“Every man’s life is a fairy tale written by God’s fingers.” – Hans Christian Andersen
Born in Odense, Denmark, and an only child, Andersen was first introduced to the wonderful world of fairy tales by his poor and under-educated father who still found time almost daily to read to his young son – especially from 1001 Arabian Nights. "Being read to by a parent” led Andersen into a lifelong love of both reading and fairy tales and the rest of the world became the beneficiary.
Andersen started his career as a performer, singing as a boy soprano with the Royal Danish Theatre in Copenhagen. When his voice began to change, and desperate to stay involved, he began writing to see if he could create theatrical pieces. After moderate success, he switched to writing fairy tales – first as adaptations of stories he had heard as a child, and then out of his own imagination. And that led to worldwide fame.

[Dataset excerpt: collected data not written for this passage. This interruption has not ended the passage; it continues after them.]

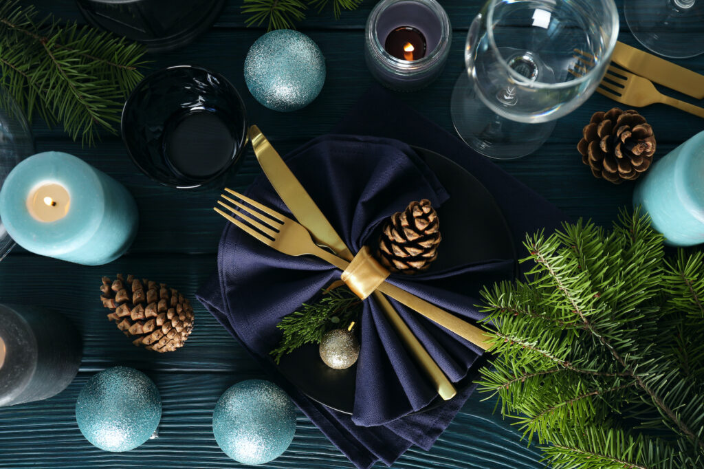 Para quienes buscan una Navidad con un aire más nocturno y sofisticado, los tonos profundos son la elección ideal. Azul marino, verde oliva y burdeos dominan esta tendencia, evocando cenas a la luz de las velas y atmósferas envolventes.
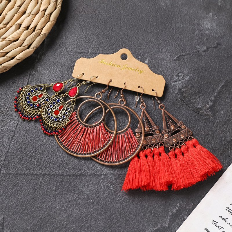 Bohemian Ethnic Style Elegant Earrings Long Retro Vacation Beach Simple Stud Earrings Versatile Earring Set-42
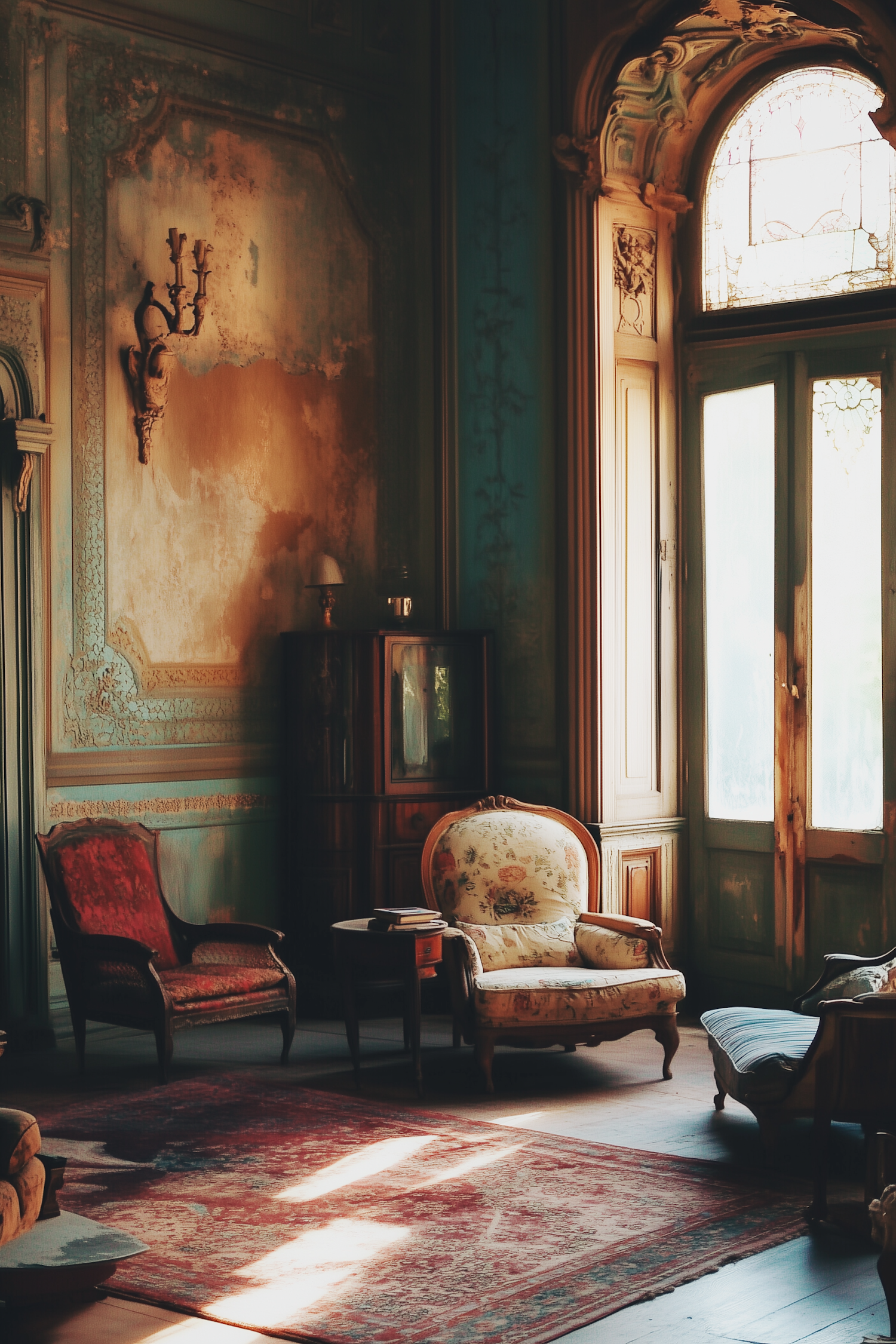 Elegant vintage room with ornate moldings, floral armchair, red velvet chair, and warm light through arched windows.
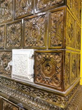 - Az étkezőben egy egyedileg tervezett és épített cserépkályha biztosítja a meleget többek között

The Little Mermaid, The Ugly Duckling, The Little Match Girl and The Emperor’s New Clothes are just a few of the world’s most famous fairy tales that came from the pen of this prolific and imaginative author. His stories have inspired plays, ballets and both live-action and animated films.
Hans Christian Andersen
Translated into more than 125 languages, his tales have become culturally embedded in the West's collective consciousness, readily accessible to children, but presenting lessons of virtue and resilience in the face of adversity for mature readers as well.
In recognition of his amazing legacy, "Hans Christian Andersen Awards" are given biennially by the International Board on Books for Young People to an author and illustrator whose complete works have made lasting contributions to children's literature.
“Life itself,” the author wrote in his declining years, “is and has been a most wonderful fairy tale.”